Not sure where this goes, Linear Algebra question.

[LinearAlgebra]

I really need help with how to go about doing this question...not sure if this is beyong the scope of this board but I'm in Grade 12 so here goes:

"Consider the linear space of quadratic polynomials. Define a basis for this space and determine the matrix that represents differentiation with respect to your basis."

Thanks ahead for any response.

 

[stapel]

What are the elements in the space of quadratic polynomials? (Hint: Think of your basic quadratic, and the terms you would need in order to build such.)

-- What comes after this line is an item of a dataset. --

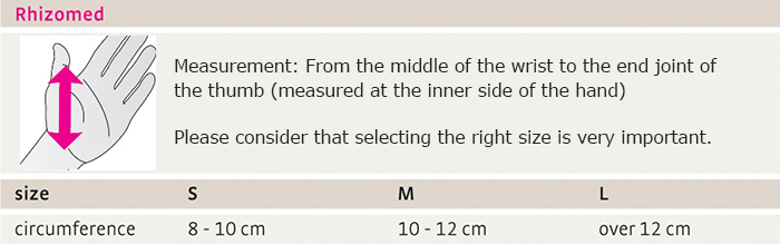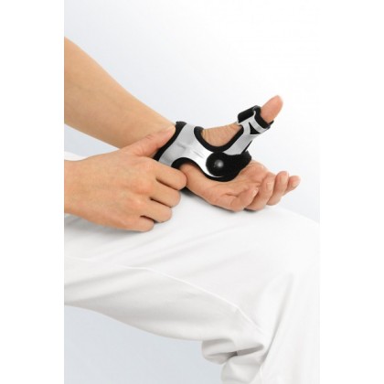 The Rhizomed is an orthosis that provides stabilisation of the thumb saddle joint and basic thumb joint. It is light, airy, easy to maintain and does not put pressure on surgical scars. The interior padding protects any risk area. The orthosis is simple to fit. The Aluminum construction allows quick and custom fit to the patient’s hand or alterations in cases of post-traumatic edema.

I'm not sure what is meant by "the matrix" for differentiation (perhaps the coordinate matrix?), but think about the basic rules for differentiating polynomial terms. Then consider what differentiation would do to the elements of your basis. Find the mapping from that.

Eliz.

 

[pka]

The usual basis for the linear space of quadratic polynomials is \(\displaystyle \{ x^2 ,x,1\}\).
The polynomial \(\displaystyle ax^2 + bx + c\) might be represented by the column vector \(\displaystyle \left[ {\matrix{
a \cr
b \cr
c \cr

} } \right]\).

The derivative \(\displaystyle 2ax + b\) can be gotten by the matrix \(\displaystyle \left[ {\matrix{
0 & 0 & 0 \cr
2 & 0 & 0 \cr
0 & 1 & 0 \cr

} } \right]\)